Bonus: iwaslikeyo – Cars Can’t Escape (Wilco cover)

Originally available as a download from the band’s website, this song, with an almost Beatle-esque sound, would have fit right into YHF (there is some speculation that Tweedy excluded it out of spite towards Bennett, but who knows). In the liner notes to the recently released Alpha Mike Foxtrot, a compilation of rare tracks, Tweedy notes that it is one of the band’s most requested unreleased songs, and that, “in retrospect, it probably should have made the record because it’s a thoroughly captivating recording.”

This cover of “Cars Can’t Escape” was the only song posted by Soundcloud user iwaslikeyo, a.k.a. Jeff Marini, who tells Cover Me, “I’m not a professional musician; I’m simply a photographer from Chicago with a bunch of instruments and a computer in his studio apartment.” His version may not be quite as captivating as the original, but it’s pretty good for a fan who takes some truly captivating pictures.

Bonus: Jay Bennett & Edward Burch – Venus Stop(ped) The Train (Wilco cover)

Bonus: Jay Bennett & Edward Burch – Shakin’ Sugar (a/k/a Alone) (Wilco cover)

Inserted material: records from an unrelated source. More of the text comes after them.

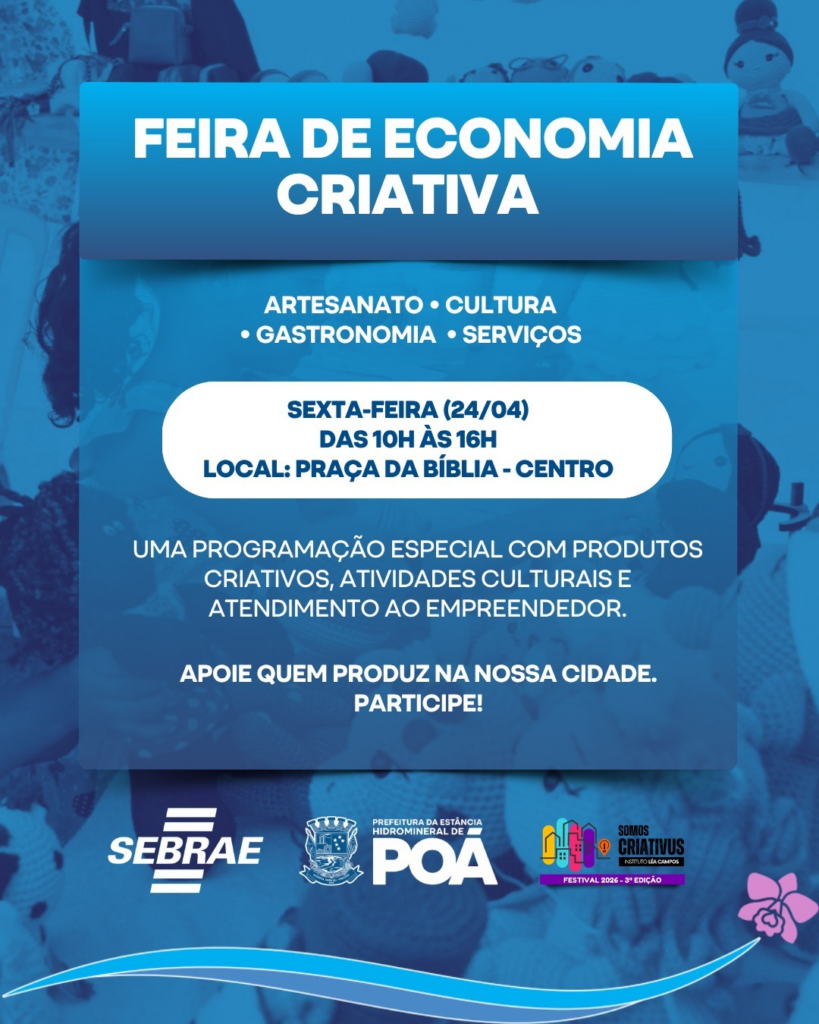 A iniciativa, promovida pelas Secretarias de Turismo, Cultura e Desenvolvimento Econômico, faz parte da Semana do Dia Mundial da Criatividade. Mais do que uma exposição, o evento é um motor de desenvolvimento para os nossos produtores locais, contando com a parceria estratégica do Sebrae e do Instituto Léa Campos através do projeto Somos Criativus.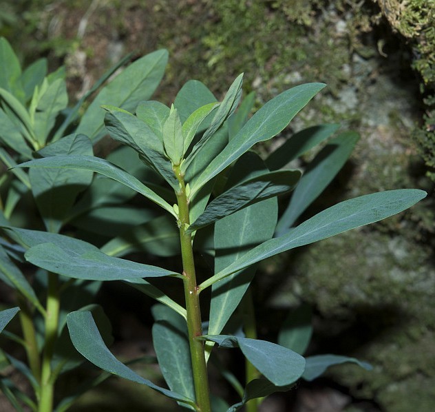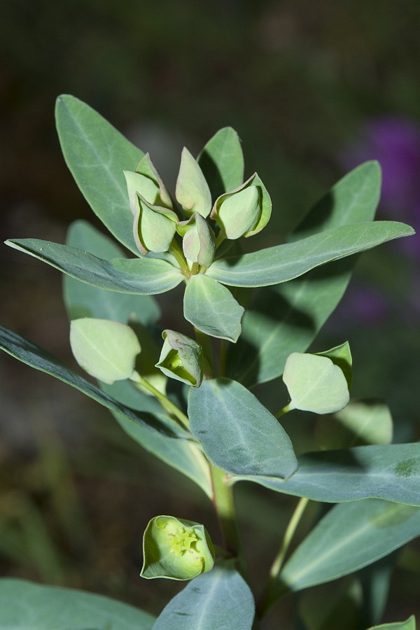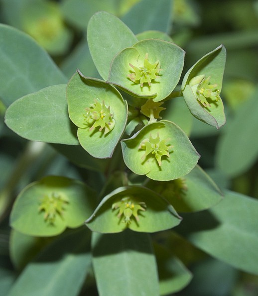 Euphorbia - Pflanze krautig, Drüsenanhänge halbmondförmig, gelb, Kapsel kahl, Hüllchenblätter paarweise verwachsen, Seitenäste unter der Dolde einzeln, nicht quirlig, Blätter +/- gleich groß und im gleichen Abstand stehend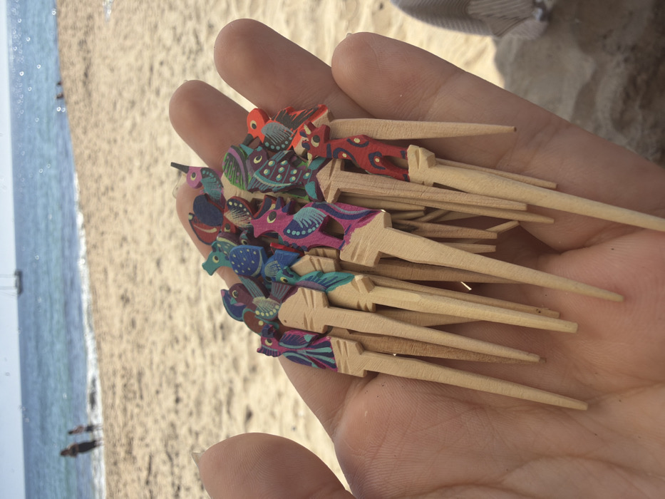 A person's hand holds numerous wooden toothpicks adorned with brightly painted bird and animal designs. The toothpicks are a natural wood color from the middle to the pointed end. The colorful designs include red, blue, pink, and green patterns. The backdrop displays a sandy beach meeting the ocean under an overcast sky. A couple of people stand on the shoreline in the distance.
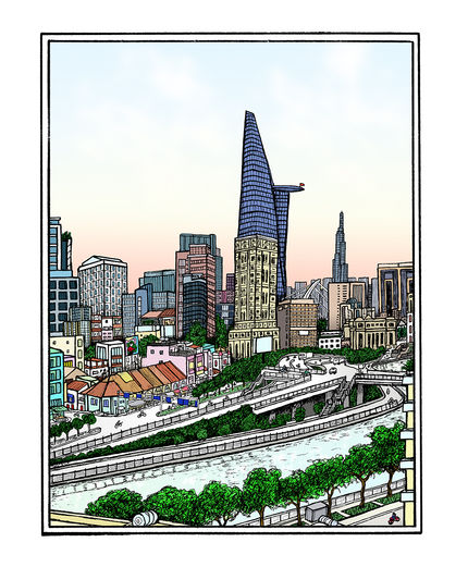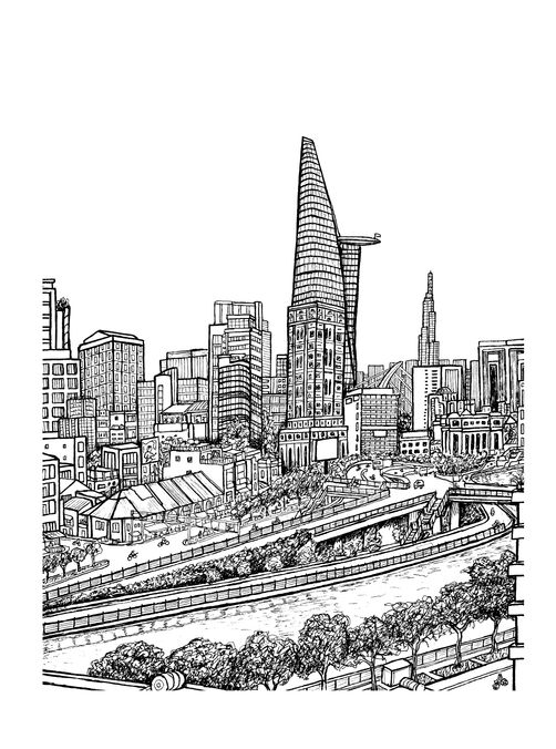 Pen and perncil illustration that explores Ho Chi Minh City's past and present, whilst also looking into the future.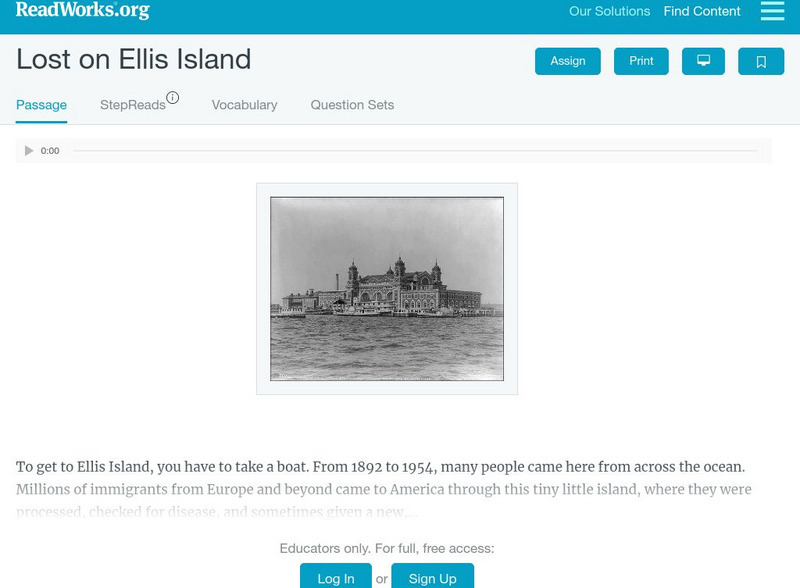 Read Works: Lost on Ellis Island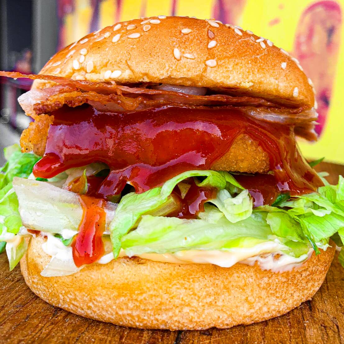 Deliciosa pechuga de pollo bañada en salsa bufalo con rebanda de tocino sobre una cama de lechuga fresca en pan brioche.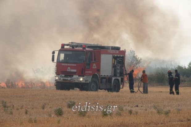 Σύμφωνα με πληροφορίες, η πυρκαγιά καίει γεωργικές εκτάσεις και στο σημείο επιχειρούν 16 πυροσβέστες με οκτώ οχήματα της Πυροσβεστικής Υπηρεσίας.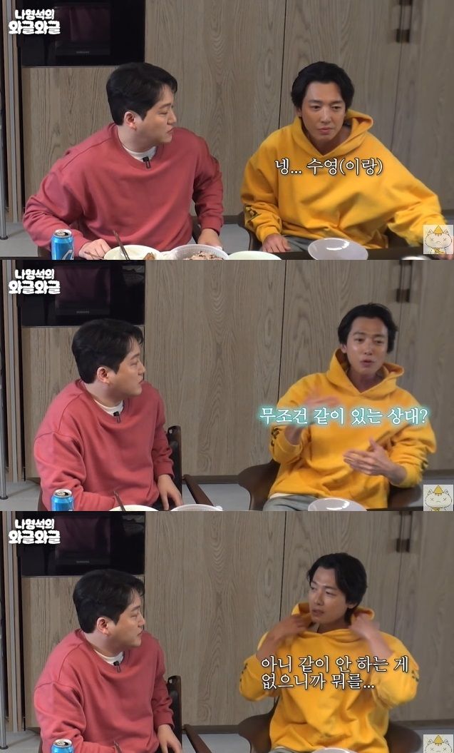 '그냥 익숙한 존재냐'는 질문에도 그는 "같이 안 하는 게 없다. 뭐를 혼자 해본 적이 없다. 무조건 같이 있는 상대다"라며 항상 붙어있음을 밝혔다.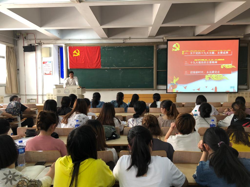 学院党委负责人以《放飞青春梦想,书写时代华章》为题,结合自身学习十九大会议精神的感悟和体会,从半岛网页版界面党的十九大主题、主要成果;十九大报告的主要精神;迎接新时代、永远跟党走等三个主要方面,面向青年学生对十九大精神和核心要义进行了宣讲、解读和阐释。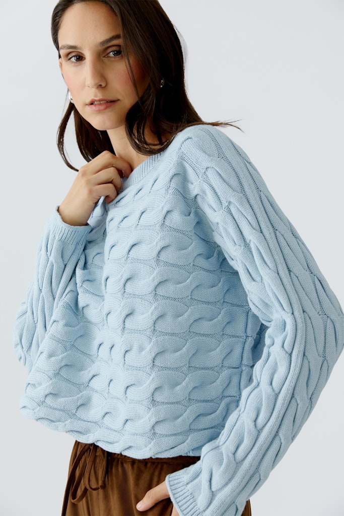 Cottonina: weiche Hochbausch Baumwollmischung quer allover im Zopfmuster gestrickt

These two songs were co-written by Jay Bennett, and they didn’t make the final cut of YHF. After Bennett’s removal from Wilco, he recorded, with long-time collaborator Edward Burch, an album called The Palace at 4 A.M. (Part 1). It also included contributions from former Wilco members Ken Coomer and Max Johnston (Michelle Shocked’s brother), and current Wilco member John Stirratt. The album (coincidentally(?) released the same day as YHF), displays Bennett’s usual production wizardry/overkill, but is hampered by weak vocals. It also includes versions of these two songs (and a version of Summerteeth’s “My Darlin’.”)  You can compare them with the Wilco demo versions here and here. After leaving Wilco, Bennett released a few albums and appeared on and produced records for others, but he never obtained the level of commercial or critical success that his former bandmates achieved. In 2009, after revealing that he needed hip replacement surgery that he could not afford, he sued Tweedy relating to his time in Wilco, but shortly thereafter died of an accidental overdose of fentanyl.

What would have happened to Wilco, and Bennett, had he remained in the band are certainly interesting questions, although it is clear that at this point, Tweedy was intent on making sure that Wilco was his band, so Bennett was likely to be pushed out eventually. It is easy to look at the YHF story as a series of metaphors, for the music business, for interpersonal relationships, for egos and band dynamics, and even, in retrospect, for September 11. But if, like Jim O’Rourke mixing the tracks, you strip away the context, you are left with a brilliant album, filled with great songs.